Тимофей слушал рассказ сына, и перед его глазами проплывали одна за другой картины: хлебнули горя его близкие, да и впереди еще невесть что ждет.
— А как же ты из тюрьмы выбрался?
— Выпустили. Василий Иванович Могутов выпустил, сказывает, велел генерал-губернатор. Приказал мне взять коня и ехать сюда, в Берду. Казаки выпустили меня за ворота. Вот я и приехал. — Никита искоса глянул на еду, потянулся к ложке.
— Я тебе и поесть не дал. Должно, голодный?
— Ага.
— Ну, так давай ешь, я скажу хозяйке, чтоб горячего подлила. Вместе пообедаем. Я в дальнюю дорогу собираюсь, Никиток. Ежели бы ты приехал завтра или же чуток попозже, то меня уж и не застал бы.
— А куда ты, батя, едешь?
— О-о, сын, очень далеко. Дальняя дорога.
— И когда возвернешься?
— Сам не знаю. Может, через недельку, а то и раньше.
Хозяйка подлила щей погорячее. Усевшись друг против друга, отец и сын молча стали черпать из одной чашки горячие щи. Когда чашка опустела, Никита покрестился на образа.
— У нас, батя, там, в тюрьме, еды почти никакой не дают и не велят приносить.
— А не бьют?
— Меня не били. А есть которых так бьют, даже страшно.
— Сказывай, Никиток, зачем тебя послали? Я же понимаю, просто так тебя не могли отпустить. Наказ дали?
— Ага. Наказ. Велели тебя с собой привезти. Василий Иванович Могутов велел сказать, что ежели ты не вернешься, то нас всех могут сказнить. А еще Могутов велел передать, что ежели ты, батя, вернешься, то тебе ничего не будет. Все простят. А ежели не вернешься, то смерти тебе не миновать, да еще и в пытошной придется посидеть. Я не хотел ехать, а мама Лиза уговорила, да и нельзя было. Она говорит, может, и вправду помилуют, жив останешься. Вот за этим самым я и приехал.

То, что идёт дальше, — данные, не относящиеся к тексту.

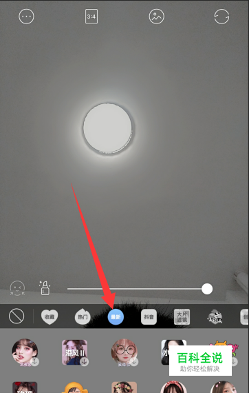 首先我们需要打开激萌,然后在激萌首页找到视频,在拍摄视频页面,我们点击最左方贴纸
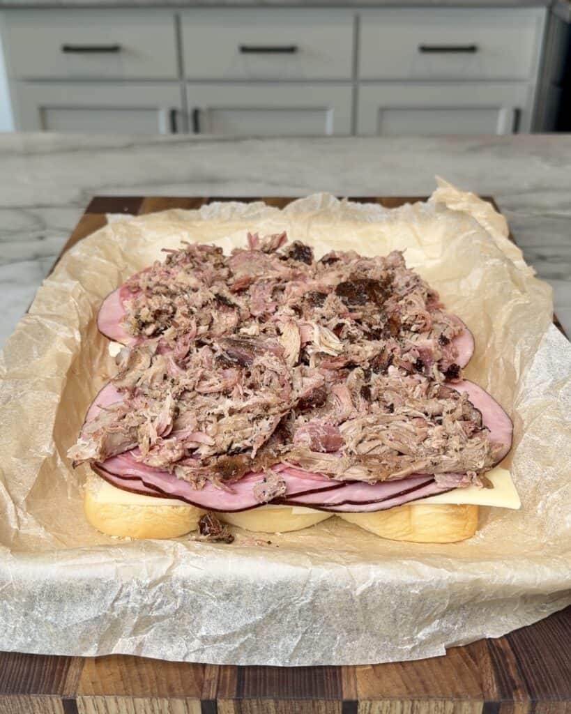 - Assemble the sliders on a sheet tray by placing the following on the bottom buns: 4 slices of swiss cheese, ham, salami, pulled pork, 4 slices of swiss cheese and pickles.
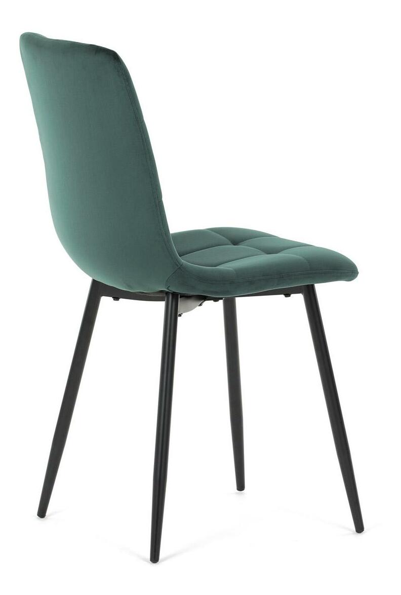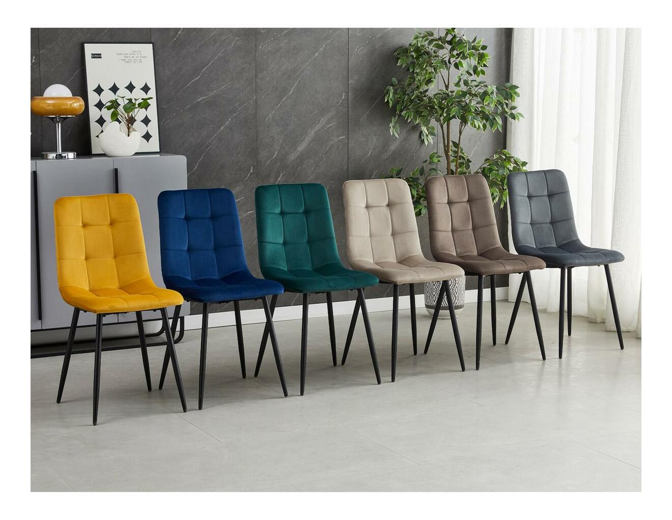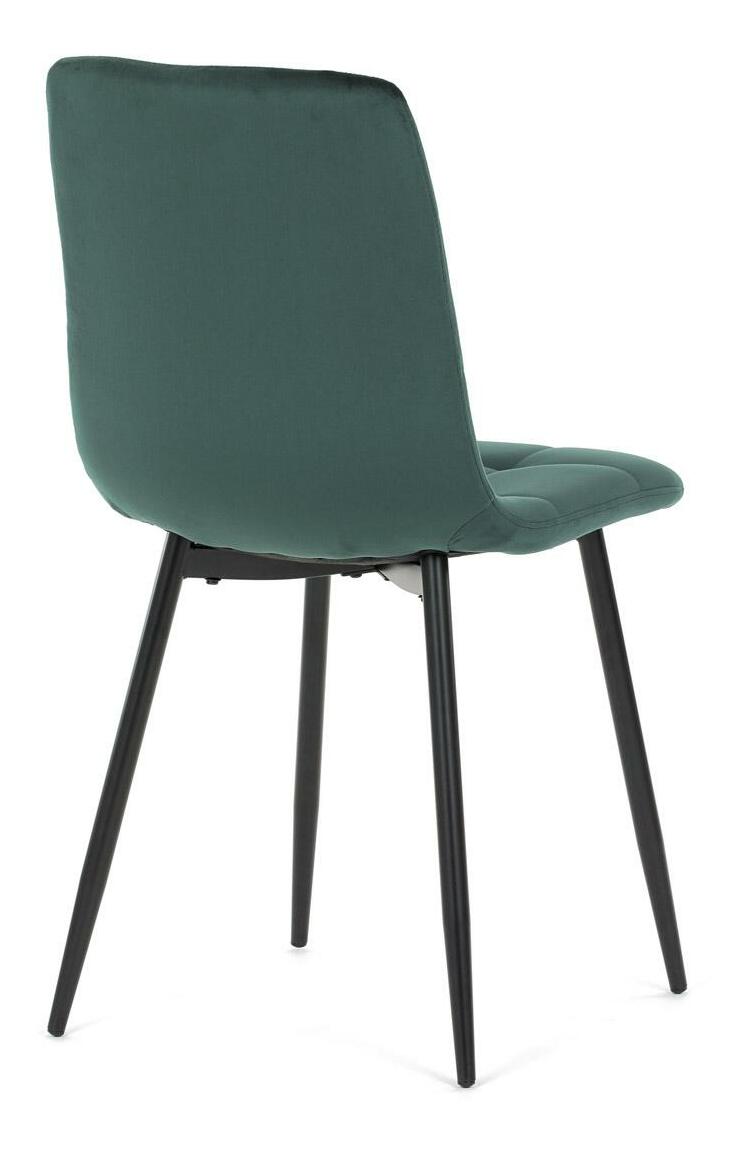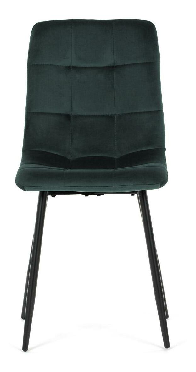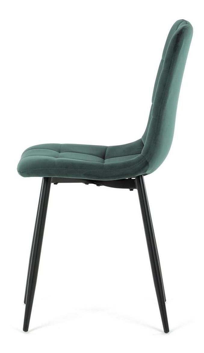 Jídelní židle v elegantní zelené barvě je ideální volbou pro stylové interiéry. Čalounění ze sametové látky působí luxusně a zajišťuje pohodlí při sezení. Decentní prošívání zdůrazňuje precizní zpracování, zatímco stabilní černé kovové nohy podtrhují minimalistický vzhled. posezení. Tato židle přináší harmonii mezi funkčností a moderním designem, který oživí každou jídelnu.
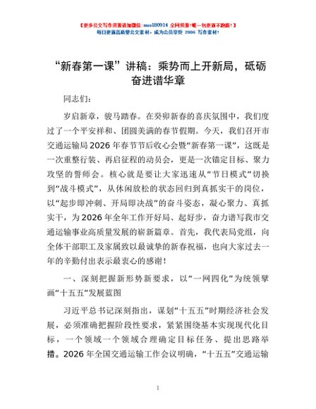 / “新春第一课”讲稿:乘势而上开新局,砥砺奋进谱华章

Никита замолчал, испытующе взглянув на Тимофея, опустил глаза, ждал, что скажет отец.
А Тимофей молчал. Ну что он мог сказать сыну?
— Ты знаешь что, Никиток, скажи Могутову, что не видел меня. В отъезде, мол.
На глаза мальчика навернулись слезы.
— Не вернешься, батя? — шепотом спросил он.
— Не могу, сынка. Не могу!
Тимофея потянуло броситься к Никите, снова крепко обнять его, поцеловать исхудавшее лицо.
— А чего не можешь? Чего мешает тебе?
— Ох, Никиток, Никиток, не все ты еще понять можешь.
— А почему, батя? Я ведь немаленький.
— Потом, когда-нибудь, сам до всего дойдешь, без моего рассказа. Или же при следующей встрече. — Тут Тимофею почему-то показалось, что никакой встречи больше не будет, что видит он сына в последний раз. Его охватил ужас, и он еле сдержался, чтоб не закричать.
— Вот так и окажи, Никиток, — с трудом выговаривая слова, сказал Тимофей, — что меня, мол, не застал дома. Лады?
— Лады.
— Тебе когда велено вернуться?
— Сегодня, как только повидаемся с тобой. Нас обоих ждут в крепости. А я, знаешь, батя, чего тебе скажу, — словно по секрету, заговорил Никита. — Ты не возвертайся в Оренбург, они тебя ни за что не выпустят. Слышал я, Василий Могутов говорил. Жилы, говорит, из таких надо вытягивать. Ты письмо губернатору писал?
— Ну?
— А ты скажи, писал?
— Писал.
— Они руку там твою признали. Вот и взъярились. В один голос вое твердят, будто вы воры, разбой ведете.
Тимофей посмотрел на сына, грустно улыбнулся.
— А ты как думаешь, твой отец может разбойничать? А?
— Нет, батя, ты не пойдешь на такое. Я знаю.
— Спасибо, сынка. И никому не верь.
— Ты, батечка, скажи мне: чего вы поднялись?
— За людей обиженных, Никиток, за людей обездоленных, против тех, кто чужой век заедает.
— Мартемьян Бородин маму Лизу генеральшей дразнит. Тобой попрекает, говорит, будто ты в генералы метишь. Правда, а?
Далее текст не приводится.